After Alexander the Great’s death, this Indian empire filled the vacuum

Backed by a strong family dynasty, the Mauryan Empire came to rule most of the Indian subcontinent.

Kautilya sits with Chandragupta Maurya in this watercolor and gouache painting.
Chandragupta Maurya, founder of the Mauryan Empire, sits with his mentor Kautilya in this watercolor and gouache painting. Chandragupta's grandson Ashoka would expand the Mauryan Empire to its greatest size.
Image courtesy of Indian School/Private Collection/Dinodia/Bridgeman Images
ByPatricia S. Daniels
October 04, 2022
11 min read

While history books are full of tales about the Roman Empire, the Spanish Empire, and China’s various dynasties, there’s precious few details about one of the world’s earliest empires—and one of history’s largest. The vast Mauryan Empire, established in 321 B.C., covered most of the Indian subcontinent, spanning central and northern India, as well as parts of modern-day Iran. Reigning as India’s first pan-Indian empire, it lasted for 150 years at the helm of two crafty, (eventually) peace-loving men, who also happened to be grandfather and grandson.

Making of an empire

As a bold young man, Chandragupta Maurya, the future king of the Mauryan Empire, allegedly offered some brash advice to Alexander the Great, who had crossed the Indus River—the farthest frontier of the old Persian empire— with his armies sometime around 325 B.C. The older soldier did not take a liking to the younger one—the story goes he was angered by the upstart—yet Chandragupta was impressed by Alexander’s ruling style, and even mimicked it in his own trajectory to power.

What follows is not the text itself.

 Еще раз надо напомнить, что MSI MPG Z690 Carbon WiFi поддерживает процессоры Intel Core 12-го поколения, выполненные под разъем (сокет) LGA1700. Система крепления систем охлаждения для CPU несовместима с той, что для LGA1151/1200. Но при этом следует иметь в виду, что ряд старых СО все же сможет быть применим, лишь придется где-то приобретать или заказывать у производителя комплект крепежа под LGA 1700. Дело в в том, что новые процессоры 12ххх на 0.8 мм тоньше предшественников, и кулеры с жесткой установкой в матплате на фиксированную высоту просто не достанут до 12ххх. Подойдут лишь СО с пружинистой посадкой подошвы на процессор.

Chandragupta Maurya, portrayed in a watercolor on paper here, was the founder of the Maurya Empire and the first emperor to unify most of Greater India into one state.
Chandragupta Maurya, portrayed in a watercolor on paper here, was the founder of the Maurya Empire and the first emperor to unify most of Greater India into one state. He ruled from 322 BC until his voluntary retirement and abdication in favor of his son Bindusara in 298 B.C.
Image courtesy of Indian School/Dinodia/Bridgeman Images

Alexander’s armies retreated at the advice of his generals, and Chandragupta pounced upon the power vacuum left behind. Within the next four years, he allied with local leaders in Punjab, in the north of present-day India, to overthrow the last king of the Nanda rulers of the prominent state of Magadha, which had ruled a large part of the northern region during the fourth century B.C. He occupied their capital in 321 B.C. and assumed the throne, marking the start of the Mauryan Empire.

Chandragupta continued his con­quests across northern and central India over the next several decades, including the Ganges Valley, with its fertile lands and riverine trade routes. Eventually, the Mauryan Empire dominated an area from the borders of Persia and the Himalaya south almost to the tip of the sub­continent. It was the largest Indian empire at that time and one of the largest empires in history.

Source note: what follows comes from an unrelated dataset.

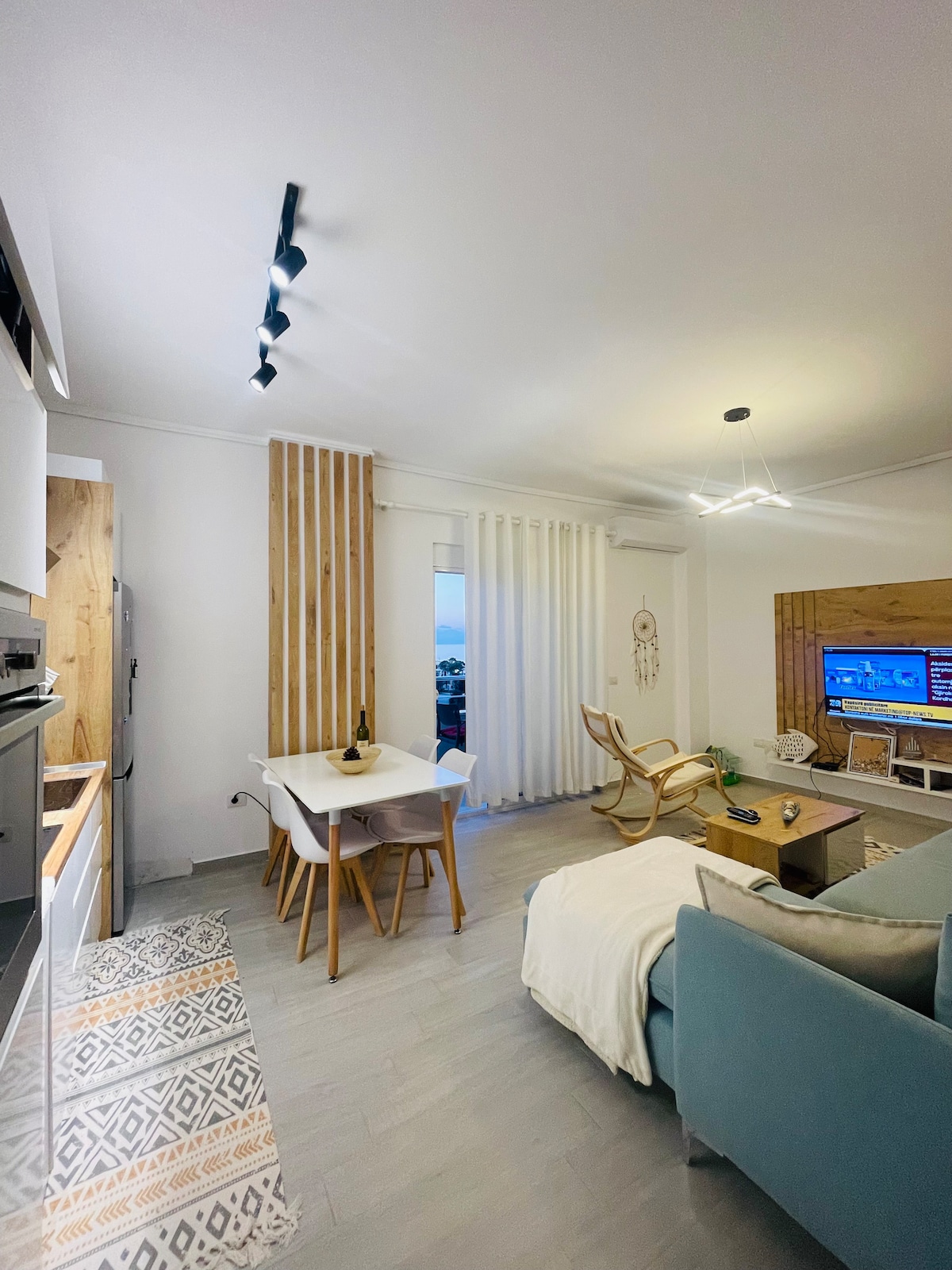 Bright Modern Apartment with Balcony Views | Golem offers a stylish 1-bedroom apartment for 4 guests, featuring a balcony, garden, full kitchen, air conditioning, Wi-Fi, dining area, and smart TV. Just 10 minutes walk from Golem Beach, enjoy a quiet seaside coastal spot near restaurants with private parking. Perfect for families and friends seeking a modern, relaxing coastal escape. Book now and start your unforgettable getaway!

The Mauryan Empire was an era of economic prosperity, infrastructure expansions, and tolerance. Many religions thrived, including Buddhism, Jainism, Ajivika, Vedic, and Brahmanistic traditions. The court’s best chronicler, Megasthenes, described the Mauryan capital of Pataliputra (modern-day Patna) as an impressive, wealthy city. He portrayed the Mauryan lands as fertile produc­ers of cotton and sugarcane, and its people as industrious, sober, and law-abiding.

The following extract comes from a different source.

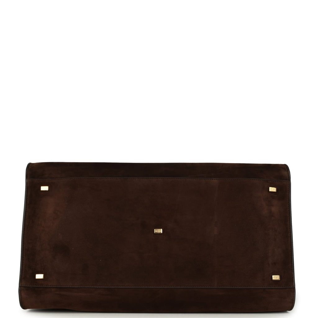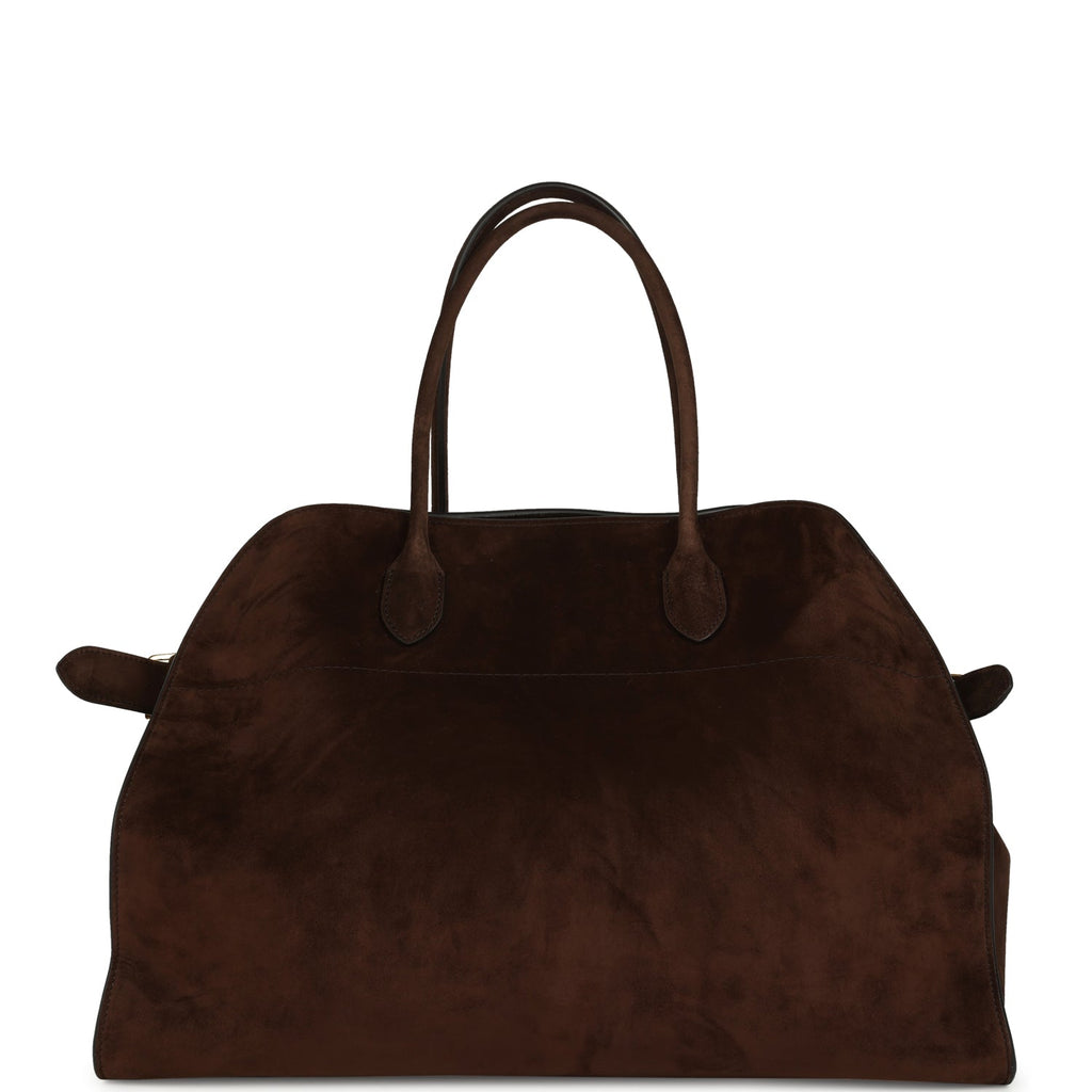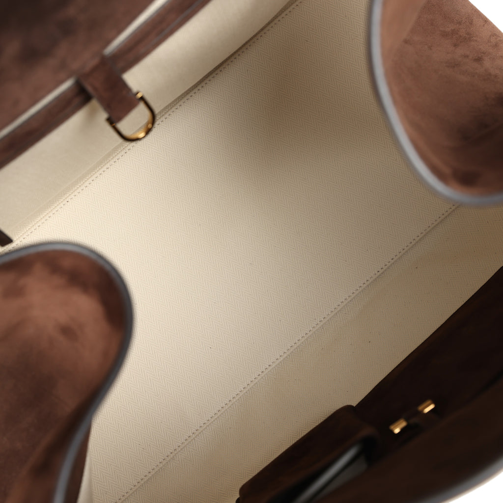 The Row Soft Margaux 17 Bag Mocha Suede Gold Hardware

Chandragupta Maurya entertains his bride from Babylon in a lithograph.
Chandragupta Maurya entertains his bride from Babylon in a lithograph. He created a unified Indian empire and an efficient central administration that would stand for nearly 150 years.
Image courtesy of Ogle, R.B./Private Collection/Bridgeman Images

“Truth and virtue they hold in esteem,” he wrote. “The simplicity of their laws and their contracts is proven by the fact they seldom appeal to law.” Much of the empire’s calm administration came from a cadre of civil servants from the Brahman caste. They served a range of roles, from provin­cial governors to agricultural superintendents, and they managed every city in the empire.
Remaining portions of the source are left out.